- See: Diocese of Springfield in Massachusetts
- Installed: October 15, 1977
- Term ended: December 27, 1991
- Predecessor: Christopher Joseph Weldon
- Successor: John Aloysius Marshall
- Previous posts: Auxiliary Bishop of Boston (1972 to 1976) Coadjutor Bishop of Springfield (1976 to 1977)

Orders
- Ordination: June 29, 1945 by Richard James Cushing
- Consecration: February 2, 1972

Personal details
- Born: September 4, 1919 Boston, Massachusetts US
- Died: November 23, 2014 (aged 95) Springfield, Massachusetts, US
- Denomination: Roman Catholic Church
- Education: Boston College St. John's Seminary
- Motto: Nihil impossible apud Deum (Nothing is impossible with God)

= Joseph Francis Maguire =

American prelate

Joseph Francis Maguire (September 4, 1919 - November 23, 2014) was an American prelate of the Roman Catholic Church. He served as bishop of the Diocese of Springfield in Massachusetts from 1977 to 1991. He previously serve as an auxiliary bishop of the Archdiocese of Boston in Massachusetts from 1972 to 1977 and as coadjutor bishop of Springfield from 1976 to 1977.

==Biography==

=== Early life ===
Maguire was born on September 4, 1919, in the Roxbury section of Boston, Massachusetts. After grammar school, he attended St. Columbkille High School in the Brighton neighborhood. He attended Boston College, where he earned a Bachelor of Arts degree in 1941. As a young man, Maguire played both hockey and baseball. Maguire then began his studies for the priesthood at St. John's Seminary in Boston.

=== Priesthood ===
Maguire was ordained a priest in Boston for the Archdiocese of Boston on June 29, 1945 by Archbishop Richard James Cushing. After his ordination, Maguire had the following posts as assistant pastor in Massachusetts parishes:

- St. Joseph's in Lynn
- St. Anne's in Readville
- Blessed Sacrament in Jamaica Plain
- St. Mary of the Hills in Milton

From 1956 to 1959, Maguire served as a chaplain in the United States Army Reserve and the Massachusetts National Guard. He served as priest-secretary to Cardinal Richard Cushing and his successor, Cardinal Humberto Medeiros, between 1962 and 1971. Maguire was pastor of St. John the Baptist Parish in Quincy, Massachusetts, from 1971 to 1972.
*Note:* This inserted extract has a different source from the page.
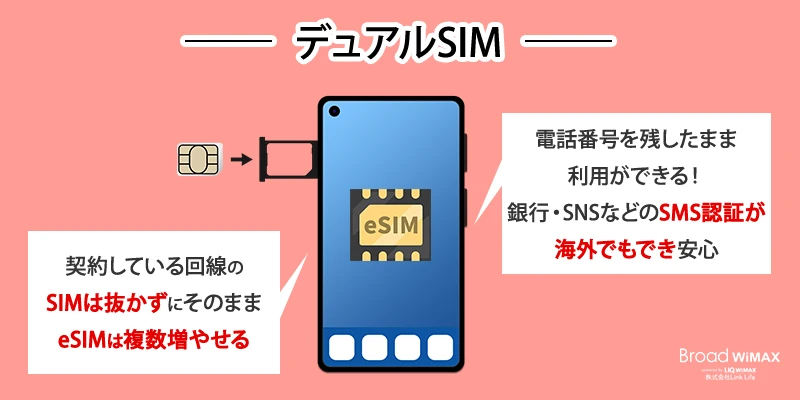 eSIMはスマホに追加で読み込む方式なので、日本のキャリアSIMを抜く必要がありません。

=== Auxiliary Bishop of Boston ===
On December 1, 1971, Maguire was appointed auxiliary bishop of Boston and titular bishop of Mactaris by Pope Paul VI. He received his episcopal consecration at the Cathedral of the Holy Cross in Boston on February 2, 1972, from Cardinal Medeiros, with bishops Jeremiah Minihan and Thomas Riley serving as co-consecrators.

=== Coadjutor Bishop and Bishop of Springfield ===
Maguire was named coadjutor bishop of Springfield on April 13, 1976 by Paul VI. Upon the resignation of Bishop Christopher Weldon, Maguire automatically succeeded him on October 15, 1977.

As bishop, Maguire created a program to train permanent deacons for parish service. He also established the Apostolate for Black Catholics. He recruited 300 lay members from the diocese to visit the sick and disabled at home or in institutions. Maguire received the Human Relations Award in 1986 from the National Conference of Christians and Jews.

=== Retirement and legacy ===
On December 27, 1991, Pope John Paul II accepted Maguire's resignation as bishop of Springfield. In 2005, he underwent aortic valve replacement and bypass surgery. In 1993, the Maguire Center for Health, Fitness and Athletics at Elms College in Chicopee, Massachusetts, was named for Maguire.

In 2012, it was revealed that Maguire and former Springfield Bishop Thomas Dupre approved a $500,000 settlement in a sexual abuse case. The plaintiff, Andrew Nicastro, claimed that he was sexually abused as a minor by Reverend Alfred F. Graves, a diocesan priest, from 1982 to 1985. According to the lawsuit, Maguire had transferred Graves to another parish after a sexual abuse accusation in 1976. Graves was barred from ministry in the 1990's and defrocked in 2006. At the time of the settlement, Maguire made this statement:I only wish that in 1976 as a new bishop, I could have foreseen the true nature of one who violated our trust with such devastating harm to his victims.Joseph Maguire died in Springfield at age 95 on November 23, 2014. In remarks to Jobserve.org after Maguire's death, Springfield Bishop Mitchell T. Rozanski said:"From the time of his arrival ... Bishop Maguire quickly became the 'people's bishop' and was known for his priestly ministry, which extended to attending numerous parish and diocesan events," iobserve.org said. "He had the ability to not only remember names of people, but also recall personal and family details. He also was a regular visitor at area hospitals at all hours of the day and attended many wakes."